Mes hommages. Chaque fois que j’en vois passer une, j’ai le bienveillant et lâche réflexe de me virer le globe oculaire de bord. C’est plus fort que moi. Instinct de fillette qui traînait son petit chien frisé dans un panier tiré par son Big Wheel. Petite, les animaux, je croyais que tout le monde les traitait ainsi; en leur donnant des biscuits et des petits becs dans le cou (pour se faire pardonner de les avoir déguisés en bouts-de-chou autour du pâté de maisons).
C’est pourquoi quand des montagnes de coyotes dépouillés de leur fourrure pour nous ornementer le Canada Goose et des cadavres qui grouillent encore dans les usines à chiens défilent sur mon fil Facebook, c’est, chaque fois, un coup de pied aux viscères. Un petit Van Damme intérieur qui se déploie la cuisse pour me dire d’être aware. Me rappeler à quel point les gens sont sots. Et laids.

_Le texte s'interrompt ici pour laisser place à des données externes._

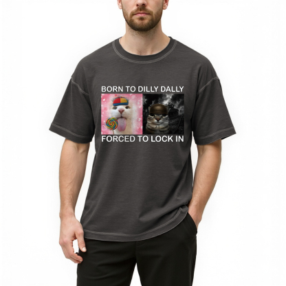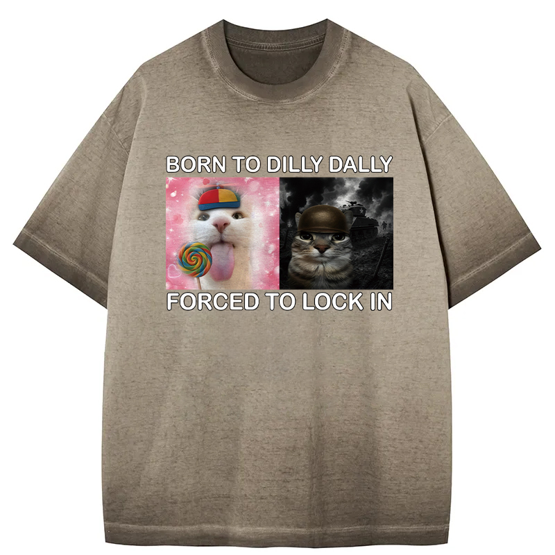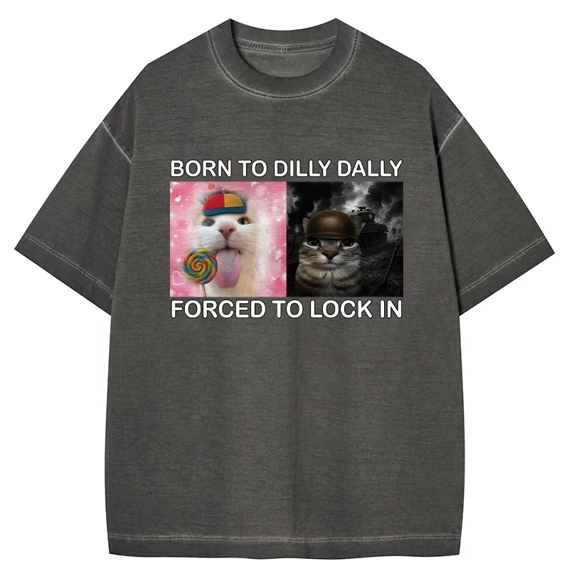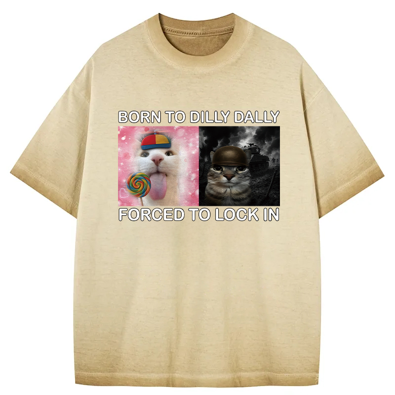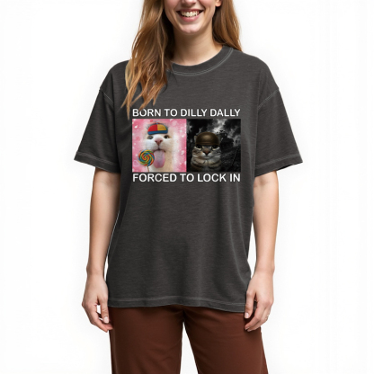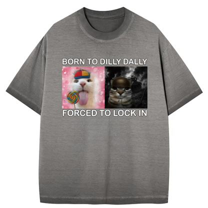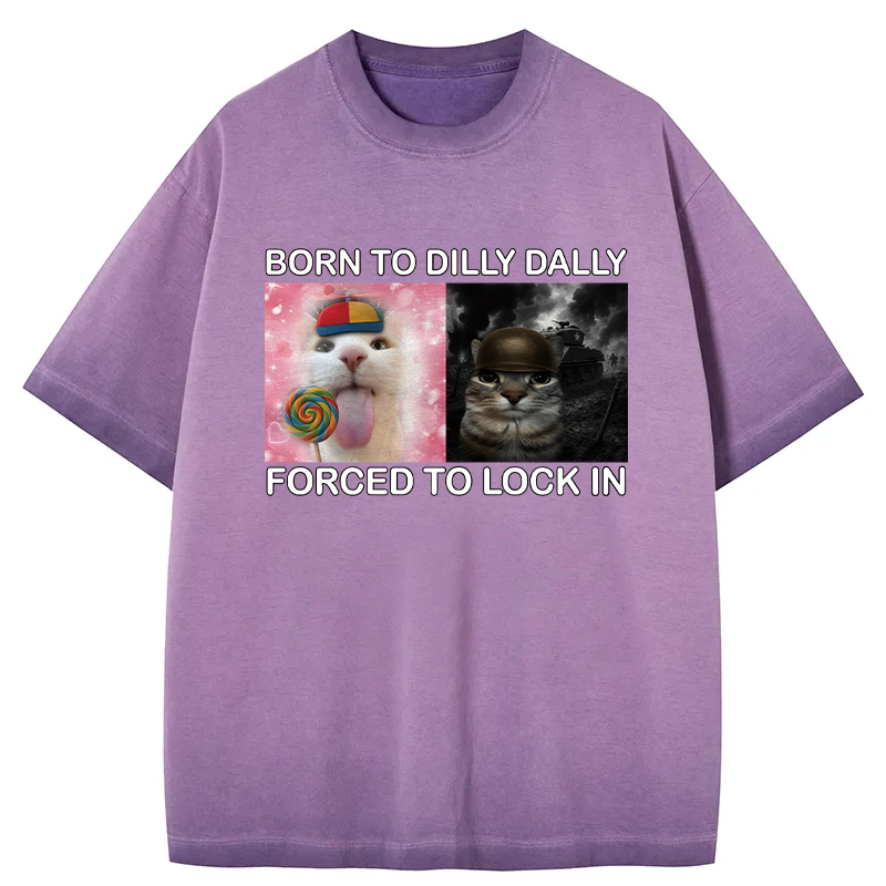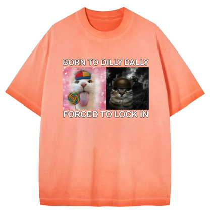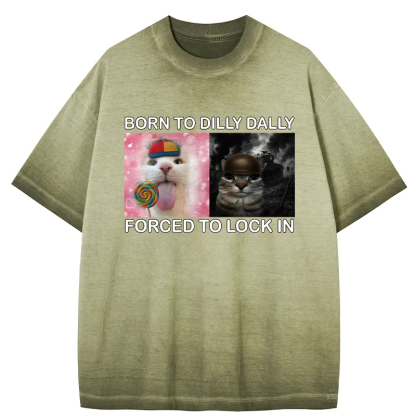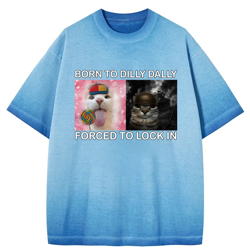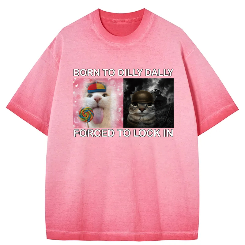 Tokyo-Assassin Born to Dilly Dally Funny Cat Meme Gradient Washed T-Shirt

Hier, c’est la formidable épopée d’une touriste bulgare qui m’a valu la trace de running shoe au ventre. Une digne globe-trotter. Et une femme qui avait bien l’intention de vivre son petit voyage en Macédoine comme pas une, mais sans faire comme tout le monde en lovant ses impérissables souvenirs dans l’achat d’un porte-clé kinky. Non.
Elle avait en vie de plus. De modernité et d’air du temps.

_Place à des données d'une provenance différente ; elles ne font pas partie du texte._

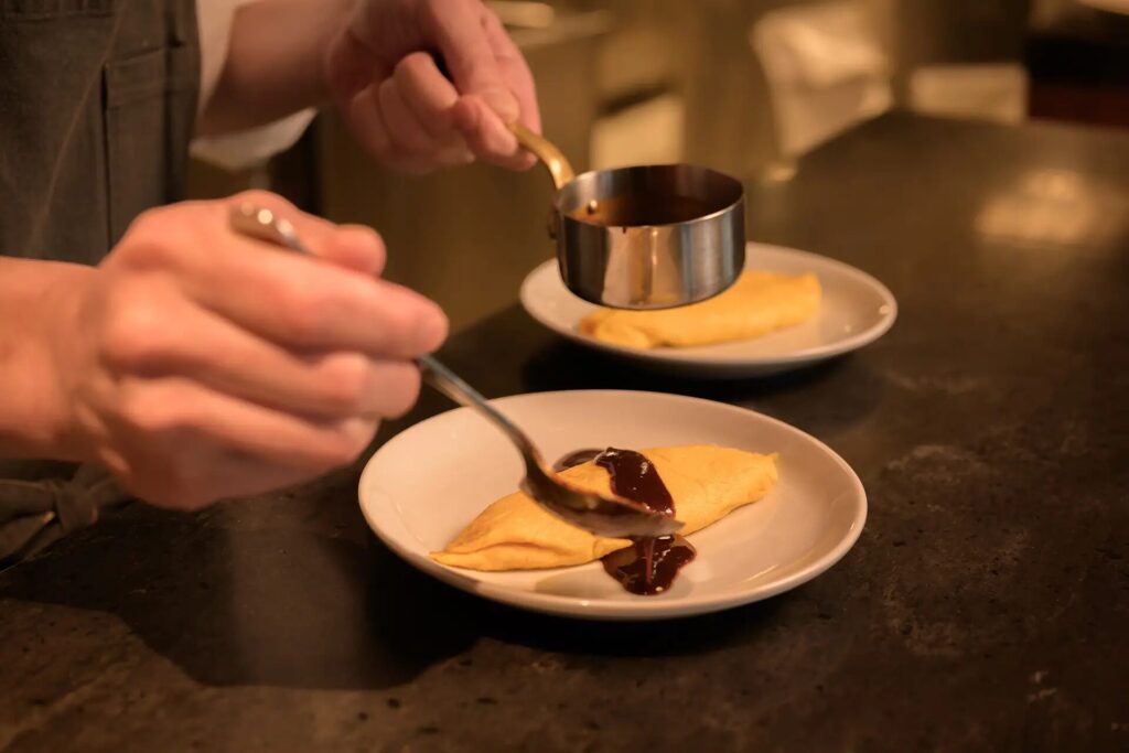ホテルの朝食には欠かせない「ライブキッチンで仕上げる卵料理」にも”名古屋めし味”が登場。八丁味噌を使った濃厚なソースと辛みを抑えた台湾ミンチソースの2種類の名古屋オリジナルソースをかければ、オムレツやフライドエッグも名古屋らしさ満点の味わいに大変身です。
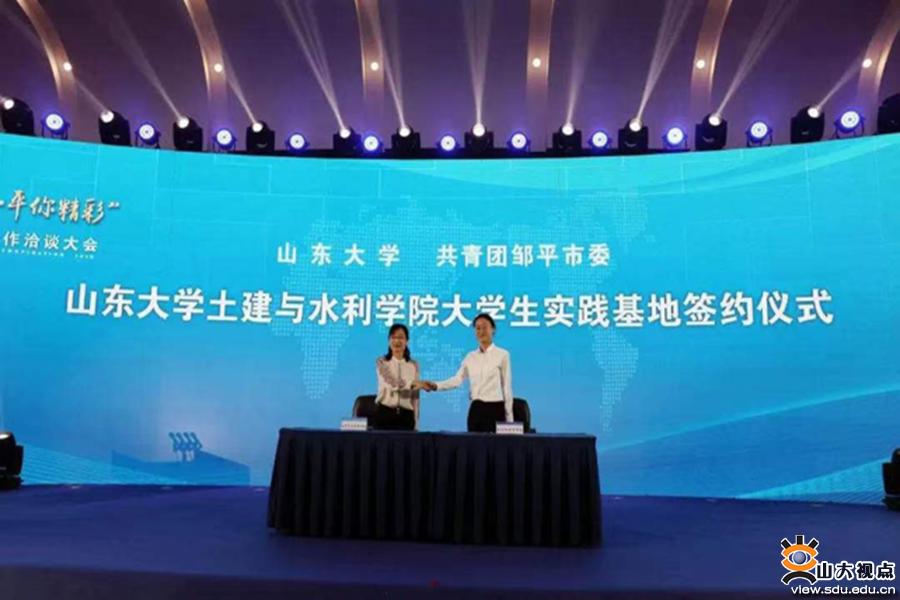 为全面了解邹平市人才引进计划,与邹平市建立长期的社会实践合作关系,学院代表应于淼邀请参加了“邹爱人才·平你精彩”高层次人才合作洽谈大会。会议期间,土建学院与共青团邹平市委签定基地共建协议。双方就基地建设事宜进行了座谈交流,座谈会上,辛帅和于淼共同为新基地的成立揭幕。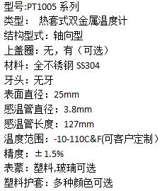 探針式溫度計(jì)雙金屬溫度計(jì)的一種,雙金屬溫度計(jì)是一種測(cè)量中低溫度的現(xiàn)場(chǎng)檢測(cè)儀表。雙金屬溫度計(jì)可以直接測(cè)量各種生產(chǎn)過(guò)程中的-80℃~+500℃范圍內(nèi)液體、蒸汽和氣體介質(zhì)溫度。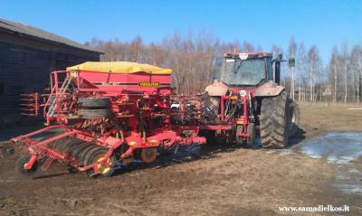 Dirbimas: dvi eiles dantu ir lyginimo lenta, plotis 4m., traktorius case mx200. Gal kiek ir pergalingas tas traktorius, bet su nedideliu rezervu galios visada maloniau dirbti. buvau is draugo pasiskolines ford 8670 (170ag) su mechanine vaderstad, idirbimas identiskas manajai, tik ten buvo su trasom (bet as sejau be trasu), tai i germinuota zeme dar neblogai iseidavo 12-13km/h palaikyti, o tik nulygintam arime, kur gyliau idirbima ileidi, su pilna seklos sejama daugiau 10.5km/h neivarydavau. Zodziu ir traktoriui labai nesveikia, ir paciam nervuoja tais begiais groti, ir tempas letokas, per diena su tuo dussuliu vos 28ha pasejau. Todel sau nusprendziau pirkti biski su galios rezervu. Traktorio ir sejamos kaina 115000lt +pvm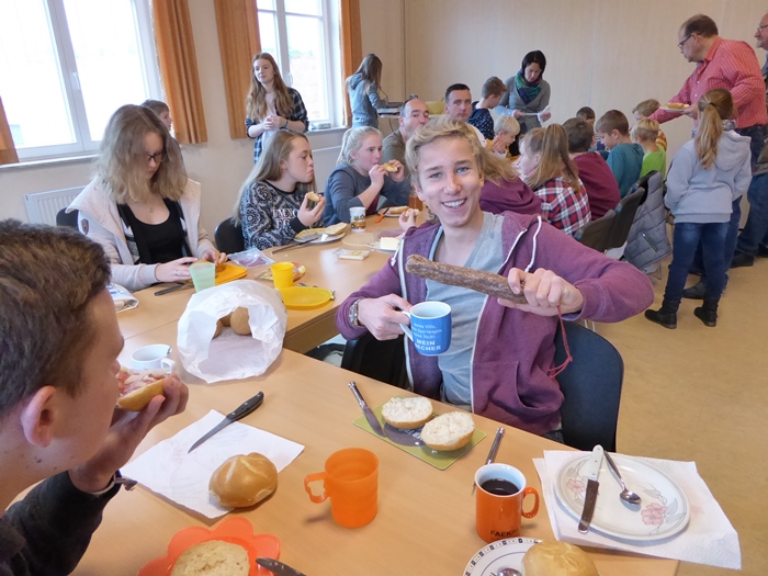 dabei und langte beim Frühstück kräftig zu |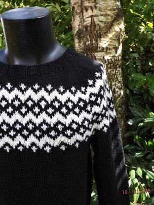 Jens Lyn is a sweater/pullover worked from the bottom edge and up with a 2-colored pattern on the yoke, at the bottom of the body and at the bottom of the sleeves. Lyn is a Danish word for 'flash' or 'lightning', This sweater has a combined round and raglan yoke and sleeve construction.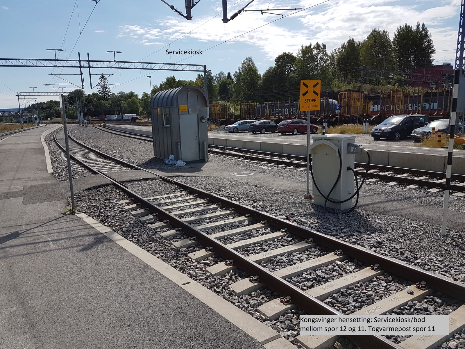 KL-anlegg | Serviceplattform | Sportilgang med bil | Toalettømming til stasjonært anlegg | Vannfylling | Togvarme | Tog-vaskemaskin | Dieselanlegg | Bremseluft | Merknader |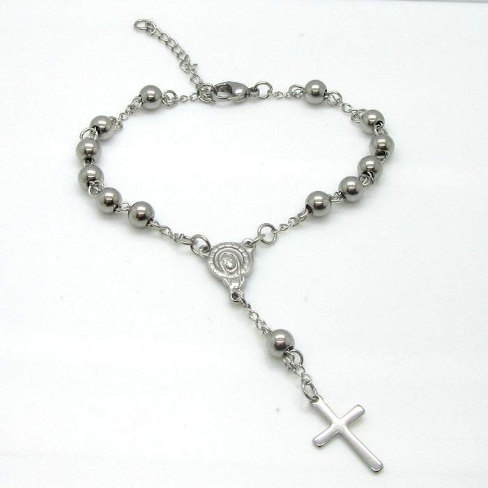 Fashion Cross Stainless Steel and Titanium Beaded Bracelet Set

C’est pourquoi dès qu’elle aperçut cet auguste cygne qui se mouvait sur un plan d’eau, il lui fallait l’avoir. S’en faire un élégant chapeau. Une hermine. Lucide comme pas une, elle s’est sans doute mal vue expliquer aux douaniers l’origine de son béret aviaire et prit donc la sage décision de n’en prendre que le portrait.
Mais un selfie de son faciès ébaubi devant la grâce du cygne ne suffisait apparemment pas. Un fusain? Une badine caricature en patins à roulettes avec l’oiseau? Mieux. Elle s’est simplement garrochée sur l’animal, comme une fleur, l’empoignant par l’aile pour le traîner sur le rivage, là où l’herbe arborait un vert qui s’harmonisait à merveille avec son macaron du club des tarés. Le fruit de son shooting fait présentement le tour du Web : une épaisse accroupie agrippant, de sa petite main nerveuse, un immense oiseau blanc qui se tord de terreur. Une belle diapositive à montrer à mamie, au retour.
Et ce malheureux cygne n’a pas que posé pour la postérité. IL EST MORT. Mort aux mains d’une sombre conne aux dents lilas, devant un petit groupe en culottes courtes qui attendaient de remonter dans l’autocar en regardant leur montre.
Il y a deux semaines, c’était ce cadavre de dauphineau, qu’une foule d’excités se passait de main en main sur une plage pour prendre des selfies. «Il était déjà mort, quand on l’a trouvé!» se rassérénait-on. Parce qu’un gros plan de son brandy nose auprès du cadavre d’un poupon, c’est mieux. Et ça fait que la crème solaire au coconut n’irrite plus ses petites nageoires inertes, quand on le fait danser sur Mambo #5.
Qu’elle est belle, la nature. Shooters!